Added chapter about unicodeSetFilter. Changed analyzer names in the examples where they were all "collation".

barsk · barsk · commit 7dee1ba94bf6 · 2012-02-28T13:49:00.000+01:00
Commits for the unicodeSetFilter changes are coming.
diff --git a/guide/reference/index-modules/analysis/icu-plugin.textile b/guide/reference/index-modules/analysis/icu-plugin.textile
@@ -19,7 +19,7 @@ p. Normalizes characters as explained "here":http://userguide.icu-project.org/tr
     "index" : {
         "analysis" : {
             "analyzer" : {
-                "collation" : {
+                "normalization" : {
                     "tokenizer" : "keyword",
                     "filter" : ["icu_normalizer"]
                 }
@@ -31,14 +31,15 @@ p. Normalizes characters as explained "here":http://userguide.icu-project.org/tr
 
 h1. ICU Folding
 
-p. Folding of unicode characters based on @UTR#30@. It registers itself under @icu_folding@ and @icuFolding@ names. Sample setting:
+p. Folding of unicode characters based on @UTR#30@. It registers itself under @icu_folding@ and @icuFolding@ names. 
+The filter also does lowercasing, which means the lowercase filter can normally be left out. Sample setting:
 
 <pre class="prettyprint">
 {
     "index" : {
         "analysis" : {
             "analyzer" : {
-                "collation" : {
+                "folding" : {
                     "tokenizer" : "keyword",
                     "filter" : ["icu_folding"]
                 }
@@ -48,6 +49,33 @@ p. Folding of unicode characters based on @UTR#30@. It registers itself under @i
 }
 </pre>
 
+h2. Filtering
+
+p. The folding can be filtered by a set of unicode characters with the parameter @unicodeSetFilter@. This is useful for a non-internationalized search engine where retaining a set of national characters which are primary letters in a specific language is wanted. See syntax for the UnicodeSet "here":http://icu-project.org/apiref/icu4j/com/ibm/icu/text/UnicodeSet.html.
+
+p. The Following example excempt Swedish characters from the folding. Note that the filtered characters are NOT lowercased which is why we add that filter below.
+
+<pre class="prettyprint">
+{
+    "index" : {
+        "analysis" : {
+            "analyzer" : {
+                "folding" : {
+                    "tokenizer" : "standard",
+                    "filter" : ["my_icu_folding", "lowercase"]
+                }
+            }
+            "filter" : {
+                "my_icu_folding" : {
+                    "type" : "icu_folding"
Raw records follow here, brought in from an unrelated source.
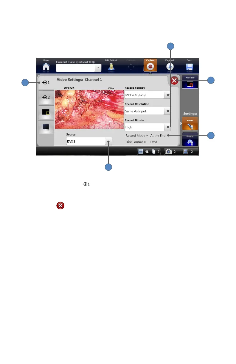 4� Recording mode and disc format settings for Channel 1 are displayed here� These settings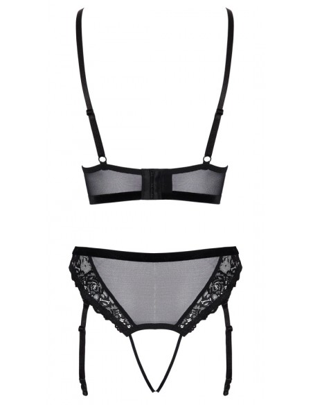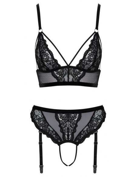 Set con bralette e perizoma con reggicalze senza cavallo
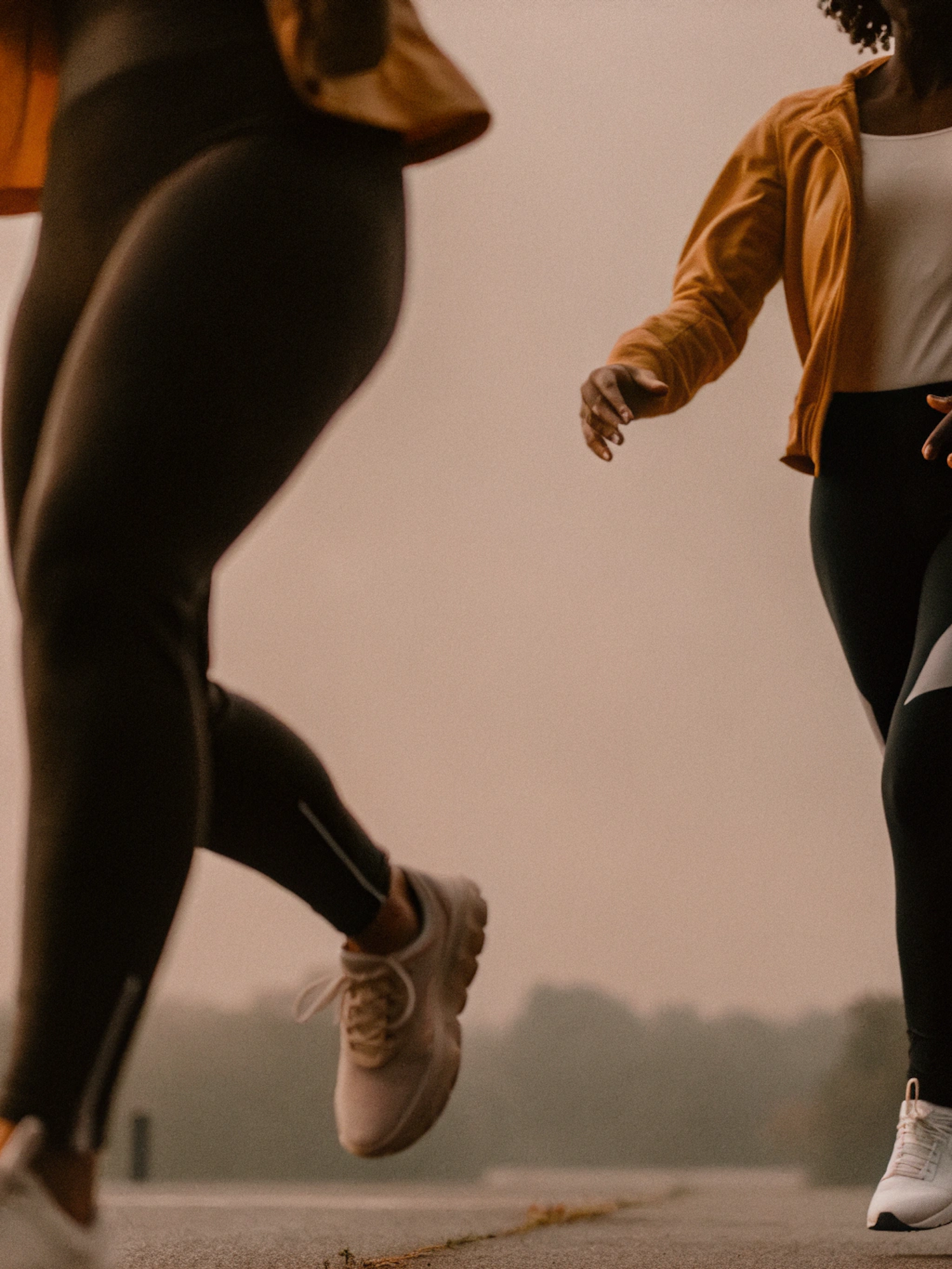 Two people jogging outdoors in athletic wear, featuring black leggings, sneakers, and a mustard-yellow jacket in a hazy setting.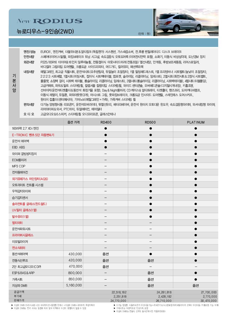 2009년 5월 로디우스 신차가격표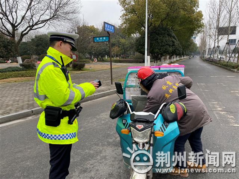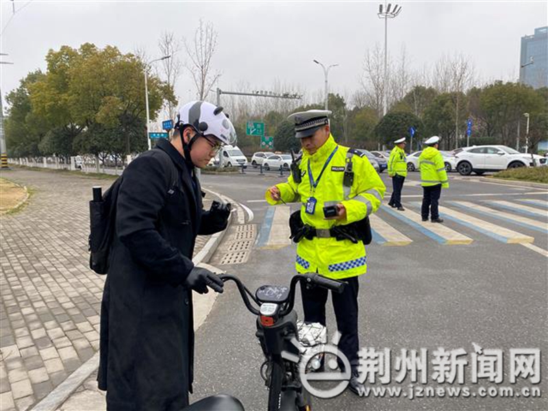 荆州市公安局交管局二大队八中队民警 向绪亭:今天对您进行警告,下次记得把头盔戴好,注意安全。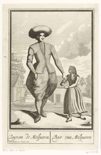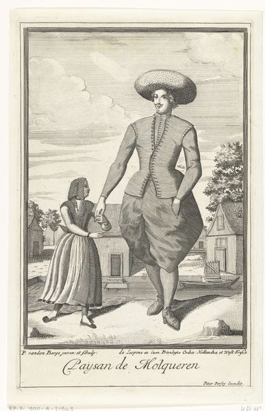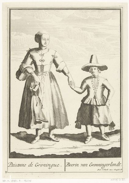 Editor: Here we have Pieter van den Berge’s engraving, "Boer uit Groningen," made before 1713. The figures’ clothes feel strangely exaggerated and their expressions are quite formal. What should we make of this depiction? Curator: This print offers a fascinating window into early 18th century Dutch perceptions of rural identity. The man’s exaggerated clothing – that conical hat, those voluminous breeches – isn’t necessarily a straightforward depiction, but rather a commentary. Think about who was commissioning and consuming these images. Editor: I see. So, you're saying it's not necessarily an accurate portrayal of how farmers actually dressed? Curator: Exactly. Consider how class distinctions were being reinforced and negotiated through visual representation. Was it a satire? Or, were the artists trying to underscore stereotypes of rural folk? Editor: Hmm, that’s really interesting, especially the power dynamic between the artist and his subject. The image, seemingly simple, becomes loaded. The act of looking at this artwork turns into a critique of representation. Curator: Precisely. And don't overlook the woman accompanying him. How might her presence challenge or reinforce those existing stereotypes and social positions? Editor: Good point. It’s easy to focus on the man's attire, but her role is also critical to examine. It also suggests that these images played a role in shaping, rather than simply reflecting, social hierarchies. Thank you for that eye-opening interpretation. Curator: My pleasure! I will walk away reflecting upon it too.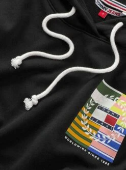 Sweat Tommy Jeans. Modèle de luxe Relaxed. Couleur noir. Avec capuche ajustable. Manche longue. Style kangourou Poches. Epaules tombantes. Poignets et ourlet élastiques. Badge Logo sur la poitrine. Printed au dos.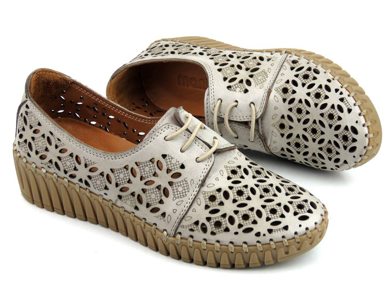 Dámské prolamované boty z přírodní kůže - MANITU 850021, béžová
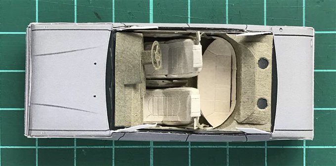 #高速有鉛デラックス 誌の #ペーパーモデル を1/64スケールに変更した #マツダペルソナ TYPE-A。5速マニュアル仕様のため運転席アームレスト無し。アームレストクッションも無しの作り分け。リアラウンジソファーシートの再現に苦慮しました。 #ペーパークラフト #papercraft #工作所以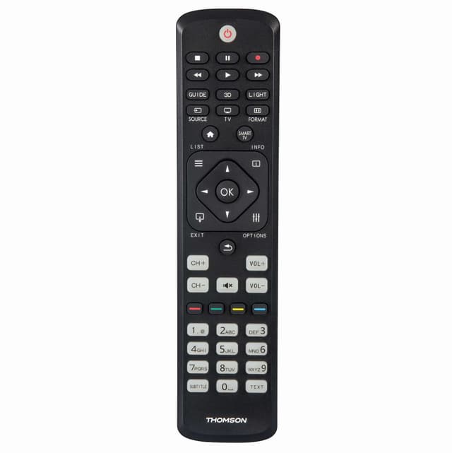 Thomson tv-fjernkontroll """"erstatter original"""". Erstatter orginalkontrollen . Forprogrammert . Læringsfunksjon for forbedret funksjonalitet. Simple mode-modus forhindrer utilsiktede endringerdenne fjernkontrollen erstatter den vanlige fjernkontrollen og er klar til umiddelbar bruk (forhåndsprogrammert). Den er tilgjengelig for samsung, lg, sony, philips og panasonic tv. Fjernkontrollen har spesielle knapper for merkespesifikke funksjoner, og har kodeminnet for å holde innstillingene lagret når du bytter batteri. Fjernkontrollen har også opplyste knapper for bruk i svakt lys. 2x aaa batterier inkludert. Simple mode-modus (hotell / seniorer) gjør det mulig å endre bare: på/av volum og mute kanal +/- av-inngang exit-meny tv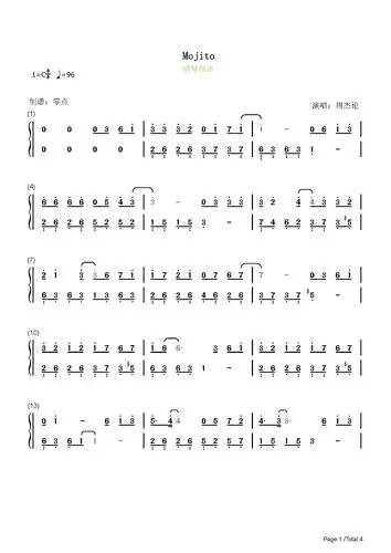 周杰伦《mojito》极限还原版 简谱.#钢琴谱 #指法 - 抖音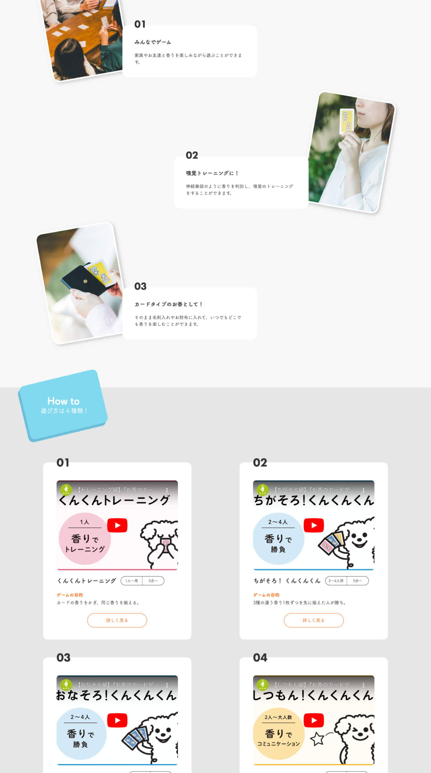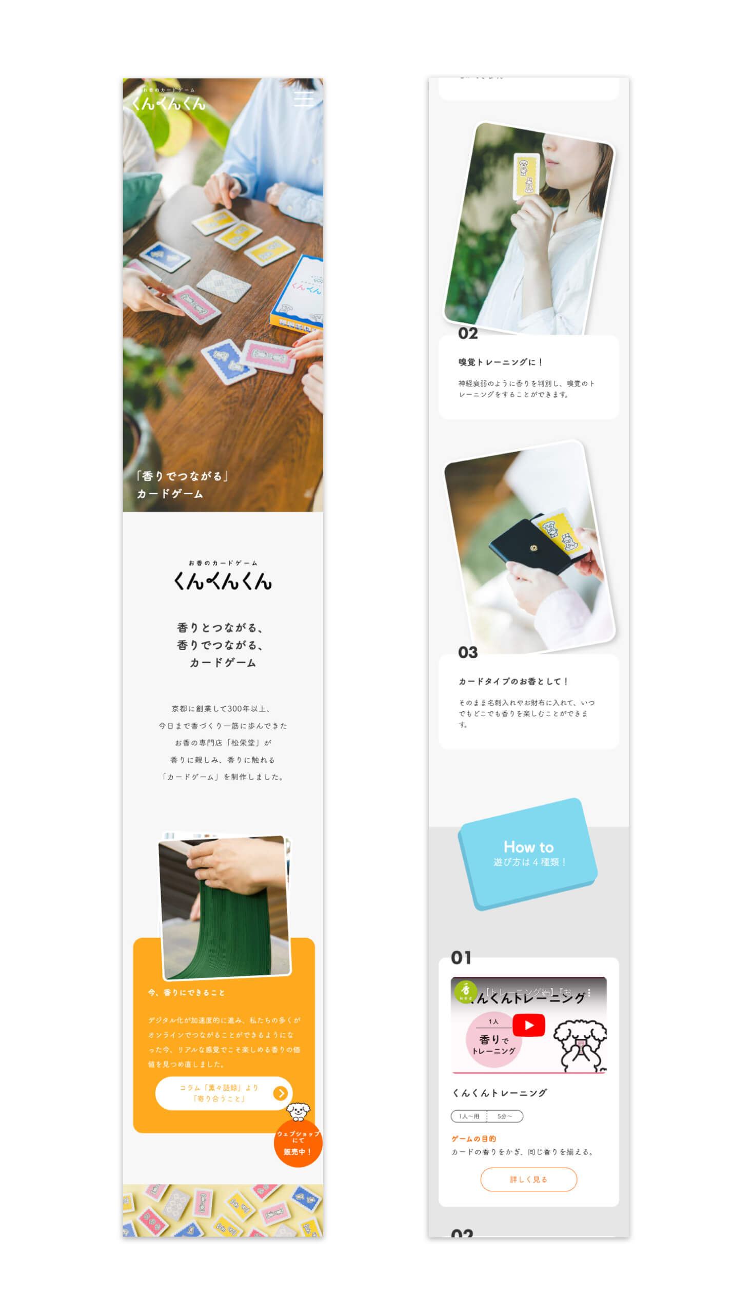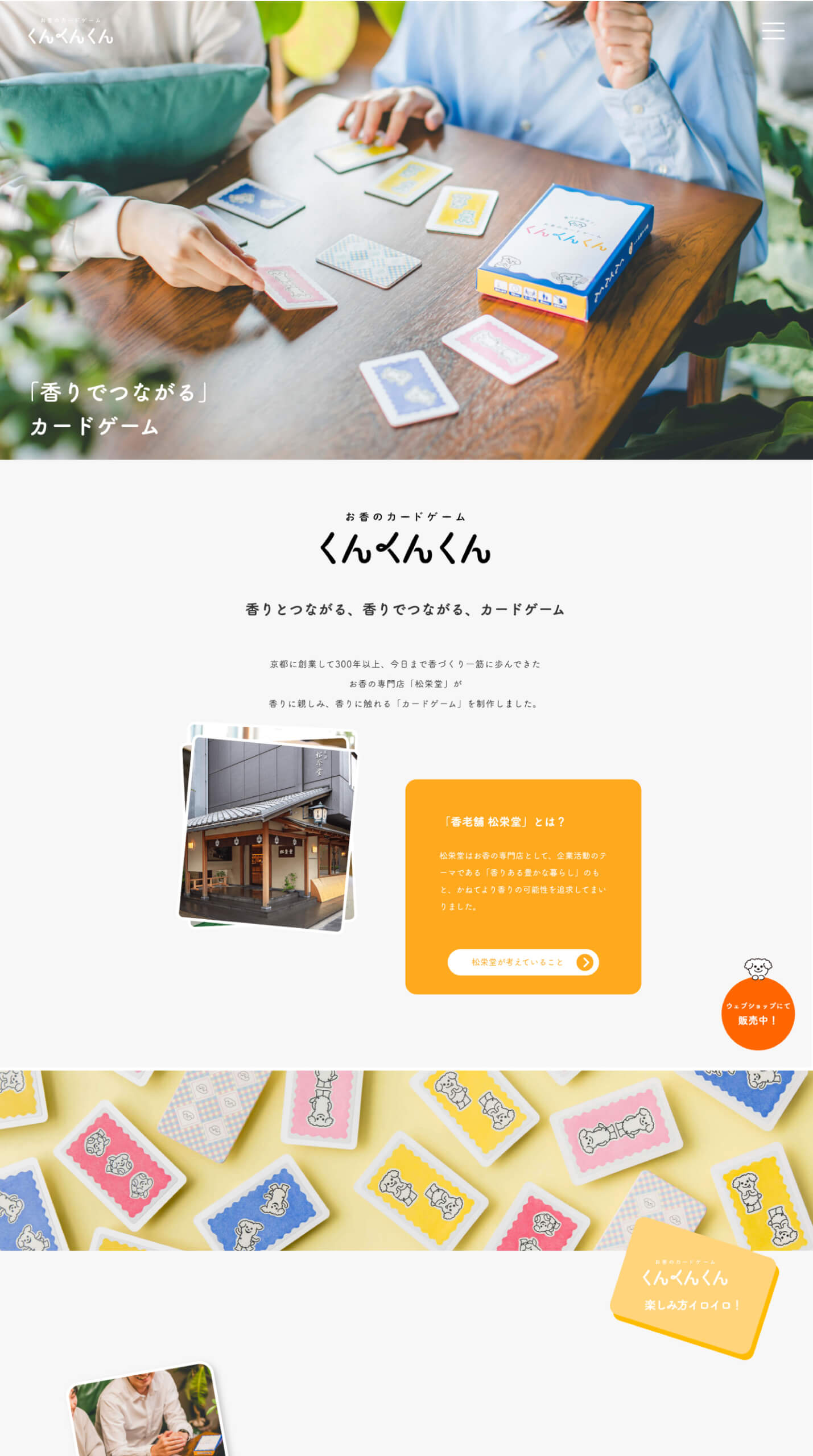 伝統あるお香文化を新しい形で楽しむカードゲーム「くんくんくん」。 その特設サイトでは、ゲームのワクワク感をオンラインでも感じられるよう、明るい色使いと遊び心のあるデザインを採用しました。 ところどころに登場するキャラクター「くんぷー」がアクセントとなり、大人から子どもまで幅広く楽しめる世界観を表現しています。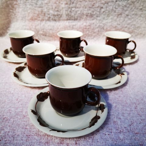 Myyn kuvassa näkyvän Arabian Kastanja kahvikuppisarjan. Sarjan on suunnitellut Inkeri Leivo. Kuppeja 7kpl, tasseja 8kpl. Kupit ja tassit täysin ehjiä. Tälle sarjalle vain nouto.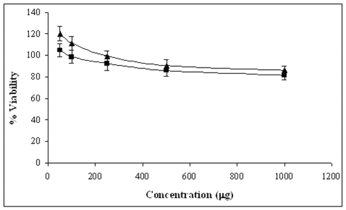 In vitro cell viability/cytotoxicity studies: The MTT (3-(4,5-dimethylthiazol-2-yl)-2,5-diphenyltetrazolium bromide) assay is a simple non-radioactive colorimetric assay to measure cell cytotoxicity, proliferation or viability. MTT is a yellow, water-soluble, tetrazolium salt. Metabolically active cells are able to convert this dye into a water-insoluble dark blue formazan by reductive cleavage of the tetrazolium ring (25). Formazan crystals, then, can be dissolved and quantified by measuring the absorbance of the solution at 550 nm, and the resultant value is related to the number of living cells. The cytotoxicity of the nanoparticles was determined after 24 and 48 hours incubation with fibroblasts. To determine cell cytotoxicity/viability, the cells were plated at a density of 1x 104 cells/well in 96 well plate at 37°C in 5% CO2 atmosphere. After 24 and 48 hours of culture, the medium in the wells was replaced with the fresh medium containing nanoparticles of varying concentrations. After 24 hours (or 48 hours), 20μl of MTT dye solution (5mg/ml in phosphate buffer pH-7.4) was added to each well. After 4 hours of incubation at 37°C and 5% CO2 for exponentially growing cells and 15 min for steady-state confluent cells, the medium was removed and formazan crystals were solubilized with 200 ml of DMSO and the solution was vigorously mixed to dissolve the reacted dye. The absorbance of each well was read on a microplate reader (DYNATECH MR7000 instruments) at 550 nm. The spectrophotometer was calibrated to zero absorbance using culture medium without cells. The relative cell viability (%) related to control wells containing cell culture medium without nanoparticles was calculated by [A]test / [A] control x 100. Where [A]test is the absorbance of the test sample and [A]control is the absorbance of control sample.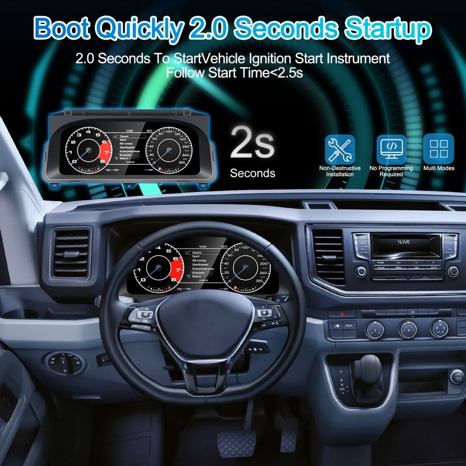 12.3 Inch LCD Car Digital Cluster Dashboard Auto Speedometer Virtual Cockpit Monitor Upgrade for VW Volkswagen T6 2015-2020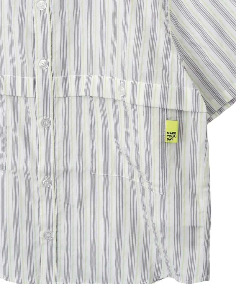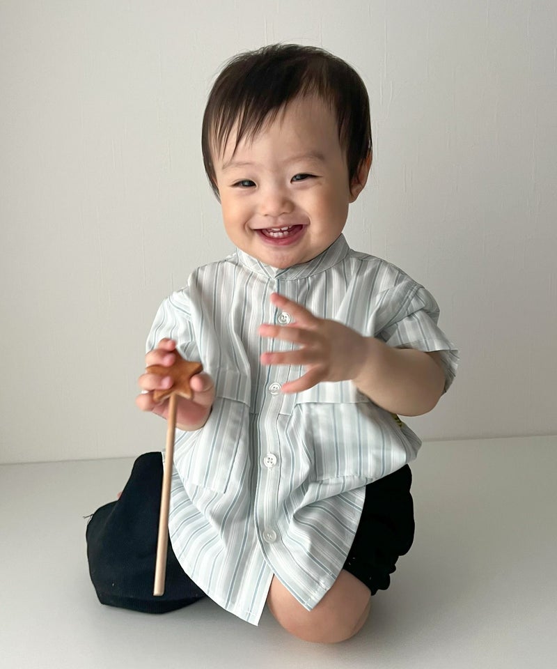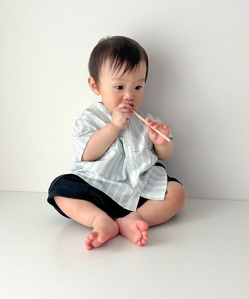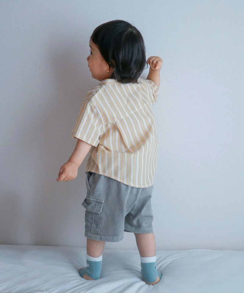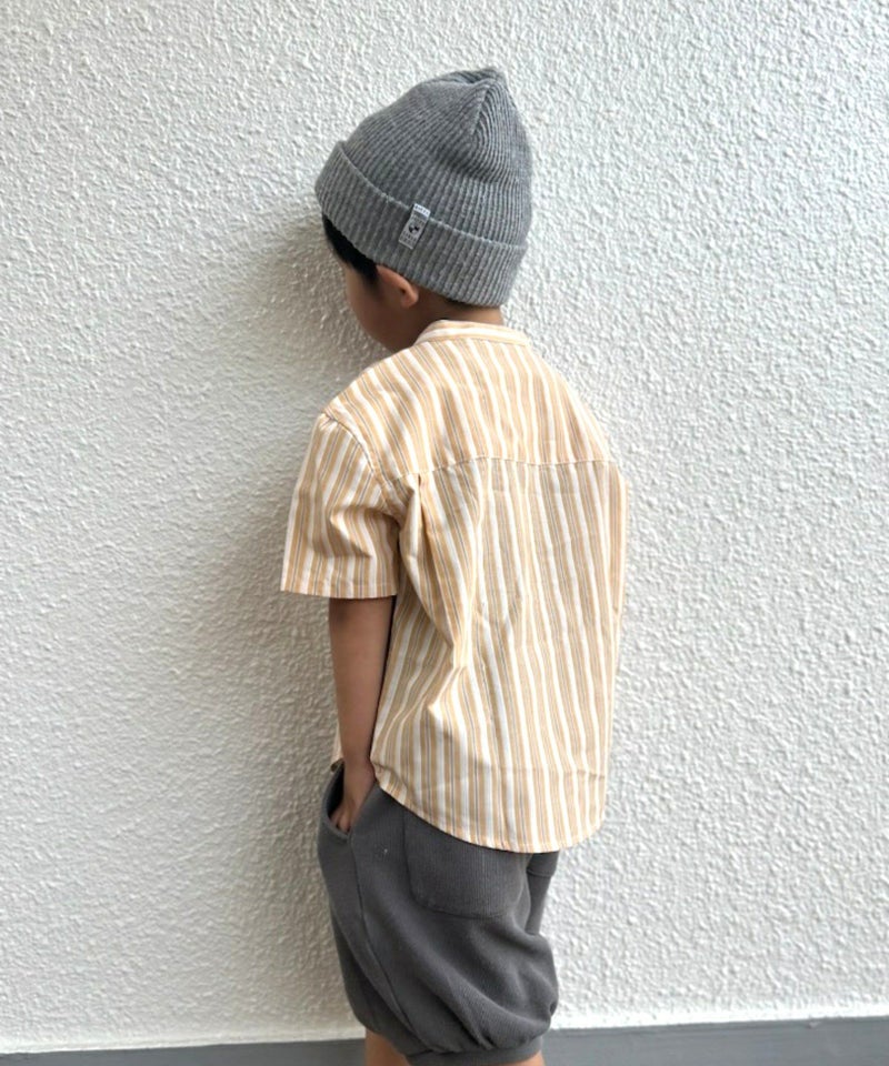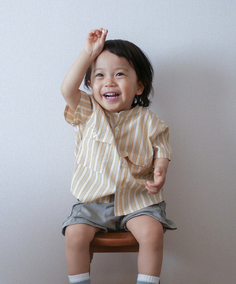 【セール】マルチストライプ半袖バンドカラーシャツ■90~140cm

+                    "unicodeSetFilter" : "[^åäöÅÄÖ]"
+                }
+            }
+        }
+    }
+}
+</pre>
+
 h1. ICU Collation
 
 p. Uses collation token filter. Allows to either specify the rules for collation (defined "here":http://www.icu-project.org/userguide/Collate_Customization.html) using the @rules@ parameter (can point to a location or expressed in the settings, location can be relative to config location), or using the @language@ parameter (further specialized by country and variant). By default registers under @icu_collation@ or @icuCollation@ and uses the default locale.